Collected data entries
----

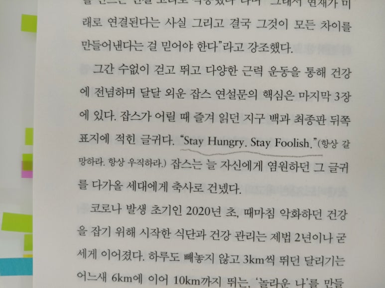 "Stay Hungry, Stay Foolish" (항상 갈망하라. 항상 우직하라.)
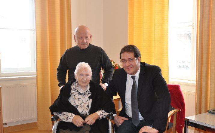 Seniorin heute – ein Jahrhundert später – in Innsbruck ihren Geburtstag feiert. Anlässlich dieses runden Feiertages stattete ihr Vizebürgermeister Franz X. Gruber im Wohnheim Saggen einen Besuch ab und gratulierte mit einem Strauß Blumen.
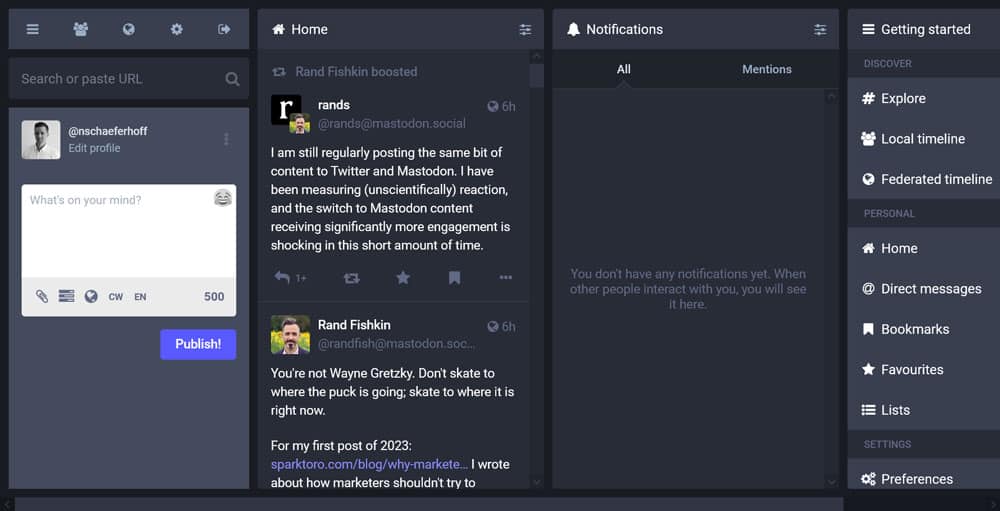 Once your account has been established and you are logged in, you land on the main Mastodon interface.
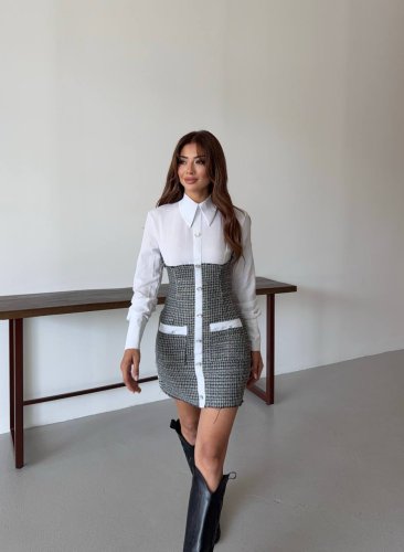• KADIN UZUN KOLLU CEP VE DÜĞME DETAY MİNİ GÖMLEK ELBİSE
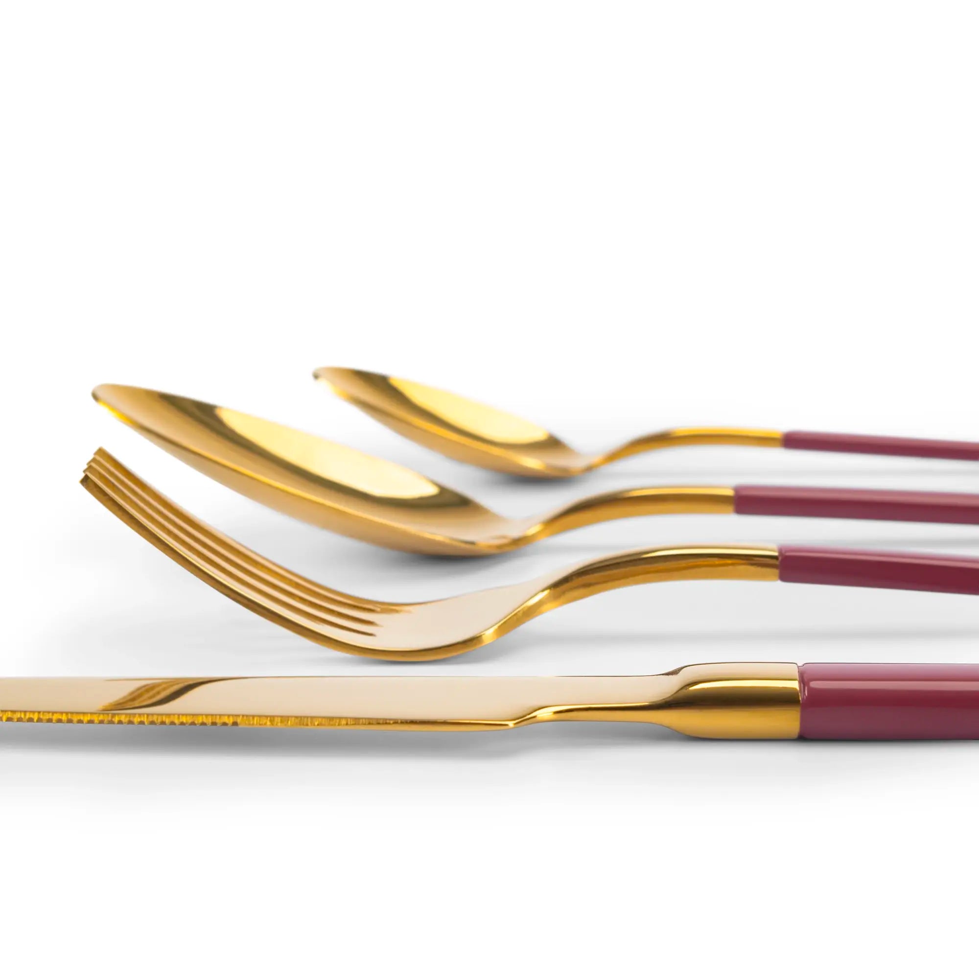 Este set de cubiertos combina la sofisticación del dorado con la sutileza del mango en tono vino, creando un contraste refinado y moderno. Cada pieza está diseñada para aportar distinción y brillo a tus comidas, convirtiendo cada ocasión en un momento especial.

----

Your answer should be an exact copy of the entries above, with no images included.

 "Stay Hungry, Stay Foolish" (항상 갈망하라. 항상 우직하라.)
 Seniorin heute – ein Jahrhundert später – in Innsbruck ihren Geburtstag feiert. Anlässlich dieses runden Feiertages stattete ihr Vizebürgermeister Franz X. Gruber im Wohnheim Saggen einen Besuch ab und gratulierte mit einem Strauß Blumen.
 Once your account has been established and you are logged in, you land on the main Mastodon interface.
• KADIN UZUN KOLLU CEP VE DÜĞME DETAY MİNİ GÖMLEK ELBİSE
 Este set de cubiertos combina la sofisticación del dorado con la sutileza del mango en tono vino, creando un contraste refinado y moderno. Cada pieza está diseñada para aportar distinción y brillo a tus comidas, convirtiendo cada ocasión en un momento especial.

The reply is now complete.